You know, if you clone(CLONE_NEWNET) in a PAM module, you can probably have your pony.

Williams: When the Sun Shines We'll Shine Together

Posted Aug 26, 2011 17:51 UTC (Fri) by jspaleta (subscriber, #50639) [Link]

i believe VPN connections can be marked system wide just like other network connections with system admin privledged interaction to mark them as such. I believe system wide connections survive the user switch. It's only private connections which get cut off. I think. That would be a very good thing to check. I would expect all connections marked in the NM config UI as "available to all users" to survive the switch, including VPN connections thus marked.

-jef

Williams: When the Sun Shines We'll Shine Together

Posted Aug 26, 2011 10:40 UTC (Fri) by robert_s (subscriber, #42402) [Link]

Thankyou. I was just about to post similar sentiments.

Though I think of it more as someone else coming along and needing to log in, causing a download to be axed.
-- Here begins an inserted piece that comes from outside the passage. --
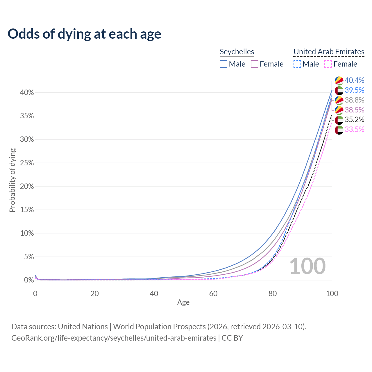 This life expectancy calculator shows the odds of living to 100, 95, 90, and below based on current age for both males and females in the Seychelles and the United Arab Emirates, along with mean and median age of death. The calculations are based on the 2026 life tables (actuarial tables) from the UN World Population Prospects.
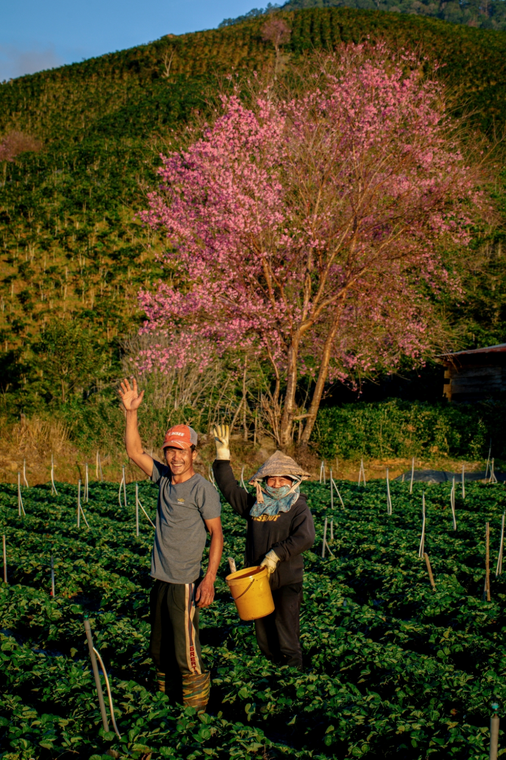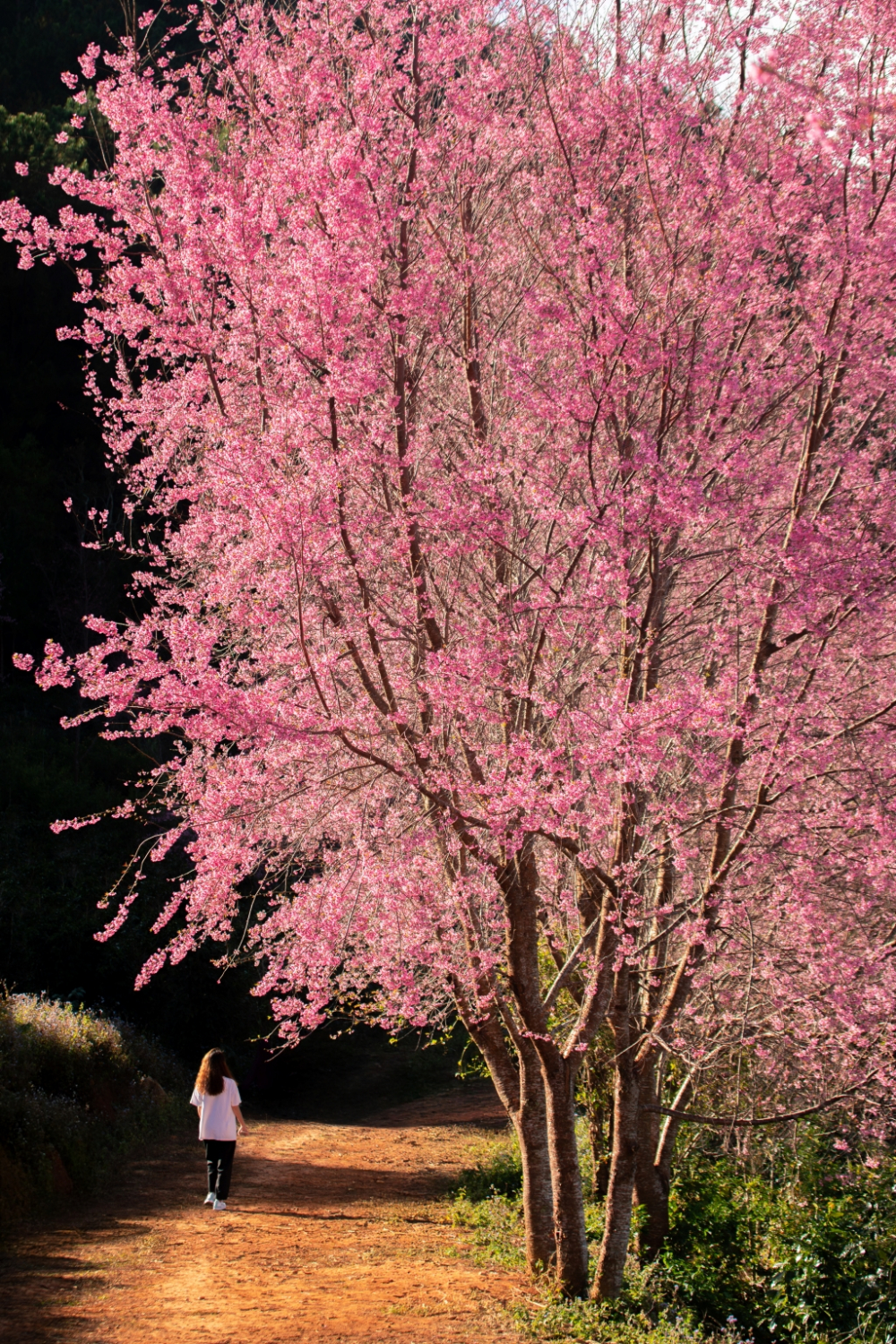 Không phải những hàng cây được trồng thẳng tắp hay các tiểu cảnh sắp đặt, mai anh đào ở Mộng Đào Nguyên nở theo cách rất “hoang dã”. Cây mọc xen giữa thông, cà phê và đá bazan, vươn mình trong gió lạnh đầu năm, phủ kín triền đồi bằng một lớp hồng phai dịu dàng.

I think the situation seems funny because the less privileged user shouldn't be able to alter the system state, screwing up my operation in the process.

Williams: When the Sun Shines We'll Shine Together

Posted Aug 26, 2011 13:08 UTC (Fri) by Yenya (subscriber, #52846) [Link]

How do you (plan to) handle multi-seat systems? Thanks!

Williams: When the Sun Shines We'll Shine Together

Posted Aug 26, 2011 13:33 UTC (Fri) by maderik (subscriber, #28840) [Link]

Do multi-seat systems need a dynamic network manager that can switch interfaces as connections come and go?

Williams: When the Sun Shines We'll Shine Together

Posted Aug 27, 2011 15:46 UTC (Sat) by bronson (subscriber, #4806) [Link]

Multi-seat systems need to realize that they are multi-seat systems. It's unrealistic to expect them to have 100% of the features of single-seat systems.

There are two sane ways...

Posted Aug 26, 2011 16:18 UTC (Fri) by khim (subscriber, #9252) [Link]

Either you keep everything really separate (this means VPN still works but the active user can not use it) or you don't pretend to offer such capabilities at all. As already was pointed out current solution makes life miserable for user without offering any security - thus it's the worst solution imaginable.

Williams: When the Sun Shines We'll Shine Together

Posted Aug 26, 2011 19:30 UTC (Fri) by Cyberax (✭ supporter ✭, #52523) [Link]

Uhm?

You can mark a connection as 'system'. It can then survive logouts and user changes. Of course, marking connection as 'system' needs sufficient privileges (mediated by PolicyKit).